Esto a propósito de que todos querían agregarle un quinto piso a su propuesta. Decían que podría ser el momento –los años cuarenta– en que miles de puertorriqueños del campo emigraron en masa a los Estados Unidos. José Luis González le quita piso a esa propuesta porque solo fue un égira (también hegira) de una porción social, la cual se complementó años más tarde cuando la clase media y los ricos se trasladaron con camas y petacas a la tierra del Tío Sam, aprovechando las ventajas de que Puerto Rico era un Estadio Libre Asociado y con el pasaporte podían ingresar sin problemas a la Unión.
González negó también que ese fenómeno pudiera ser el quinto piso de su edificio. Dijo que el nuevo piso tendría que agregarse, verdaderamente, cuando Puerto Rico alcanzara real soberanía respecto de la metrópolis norteamericana, porque, según él, en ese momento la asociación carecía y carece hasta hoy de un mecanismo para que Puerto Rico sea realmente una nación independiente, con verdadera soberanía.
Pero José Luis González fue en vida mucho más que un ensayista preocupado de la cuestiones políticas y sociales de la isla donde nació su padre. Su biografía reseña que obtuvo su bachillerato en la Universidad de Puerto Rico y más tarde su magister y doctorado en la Universidad Nacional Autónoma de México, la UNAM. En 1955, disconforme con la situación en la –Isla del encanto–, se trasladó a ese país y poco después de nacionalizó, aunque nunca perdió el sentimiento de ser –boricua– a pesar de que circunstancialmente había nacido en República Dominicana en 1926. (Su madre era de esa nacionalidad).
- Gonzalez, Jose Luis (Autor)
Entre 1940 y 1950 comienza a publicar cuentos y relatos. De ese período son: En la sombra (1943); Cinco cuentos de sangre (1945), premiado por el Instituto de Cultura Puertorriqueña; El hombre de la calle (1948) y En este lado (1953). Matizó su labor como creador literario con la docencia. Se especializó en la poesía negra de América y en 1978 sacó a la luz el libro Coloquio de Princeton. A continuación, en 1980, publica su famoso ensayo El país de cuatro pisos. Entre sus últimas publicaciones destacan El oído de Dios y Las caricias del tigre (1985) y Nueva visita al cuarto piso (1988).
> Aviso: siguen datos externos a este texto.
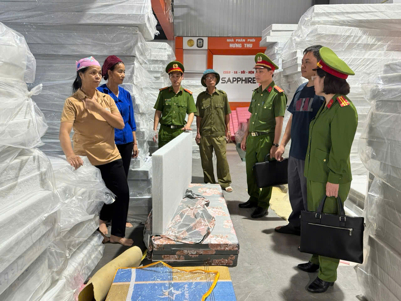 Trung tá Lê Quỳnh Lâm, Phó trưởng Công an xã Tam Hồng, cho biết: “Trên địa bàn xã hiện có hơn 80 hộ kinh doanh, sản xuất chăn ga, gối đệm liên quan đến bông, vải, sợi —tập trung chủ yếu tại thôn Gia. Đây là ngành nghề phát triển từ nghề bật bông truyền thống của địa phương. Do đặc thù sản xuất sử dụng nhiều nguyên liệu dễ cháy, nguy cơ cháy nổ luôn tiềm ẩn, đe dọa an toàn tính mạng, tài sản của người dân và ảnh hưởng đến an ninh trật tự trên địa bàn.”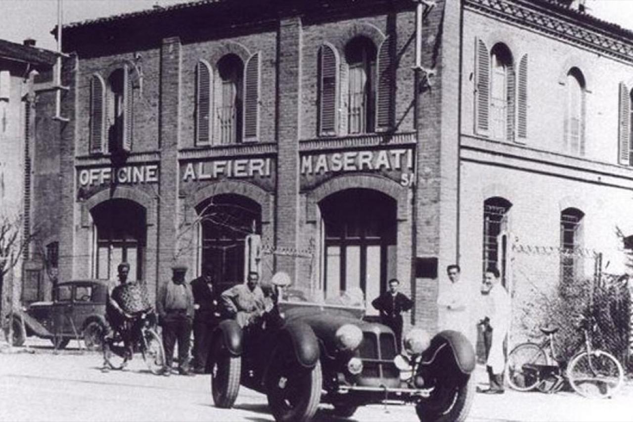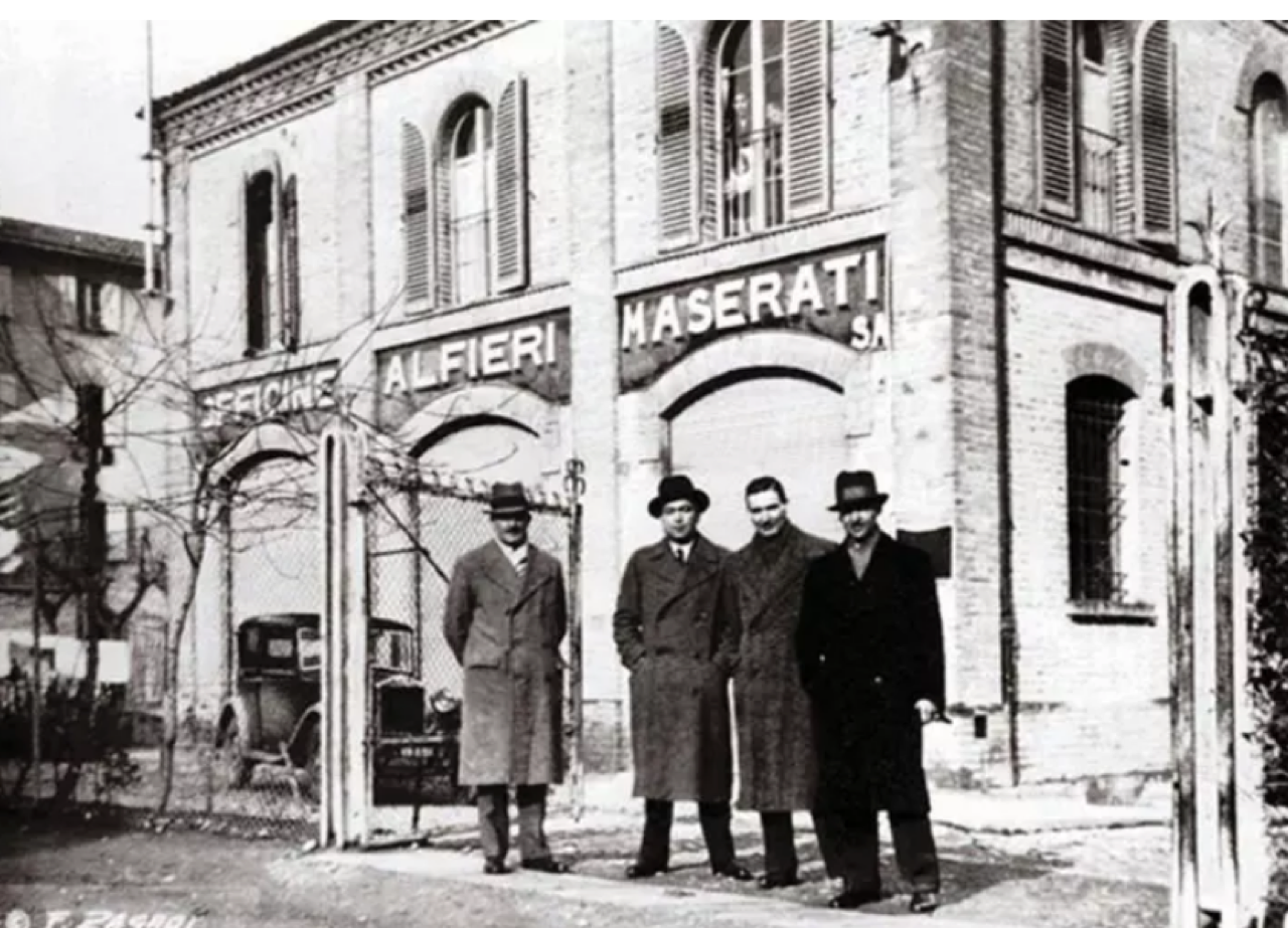 ในช่วงฤดูหนาวของวันที่ 14 ธันวาคม ปี ค.ศ. 1914 บริเวณห้องแถวเล็กๆ สองห้องชั้นล่างของอาคาร VIA DE’ PEPOLI ป้ายบริษัทที่มีชื่อว่า SOCIETA ANONIMA OFFICINE ALFIERI MASERATI ก็ได้ถูกยกขึ้นติดตั้งขึ้นที่ด้านหน้าของอาคาร ท่ามกลางความยินดีของคนในตระกูล MASERATI และนี่คือจุดเริ่มต้นของตำนานรถแข่งของอิตาลี ALFIERI พี่น้องในตระกูล MASERATI ตกลงกันว่าจะใช้ตราสามง่ามหรือตรีศูล ซึ่งเป็นอาวุธของเทพเจ้า NEPTUNE และยังเป็นตราประจำตระกูลของขุนนาง JEAN DE BOULOGNE แห่ง PIAZZA DEL NETTUNO ใน BOLOGNA ซึ่งคอยให้การสนับสนุนทางการเงินแก่คนในตระกูล MASERATI ในการแข่งขันรถยนต์ตลอดมา ตราดังกล่าวถูกนำมาติดตั้งไว้บนรถยนต์ที่ MASERATI ผลิตและออกขายในอิตาลีเป็นครั้งแรก นั่นก็คือที่มาของรถ MASERATI TIPO 26

De su narrativa hemos escogido dos cuentos: –Una caja de plomo que no se podía abrir–, dedicado a Emilio Díaz Valcárcel y –El cacique–, destinado a Abelardo Díaz Alfaro.
Otros textos de Ernesto Bustos Garrido
Cuento de José Luis González: Una caja de plomo que no se podía abrir
Esto sucedió hace dos años, cuando llegaron los restos de Moncho Ramírez, que murió en Corea. Bueno, eso de –los restos de Moncho Ramírez– es un decir, porque la verdad es que nadie llegó a saber nunca lo que había dentro de aquella caja de plomo que no se podía abrir. De plomo, sí, señor, y que no se podía abrir; y eso fue lo que puso como loca a doña Milla, la mamá de Moncho, porque lo que ella quería era ver a su hijo antes de que lo enterraran y… Pero más vale que yo empiece a contar esto desde el principio.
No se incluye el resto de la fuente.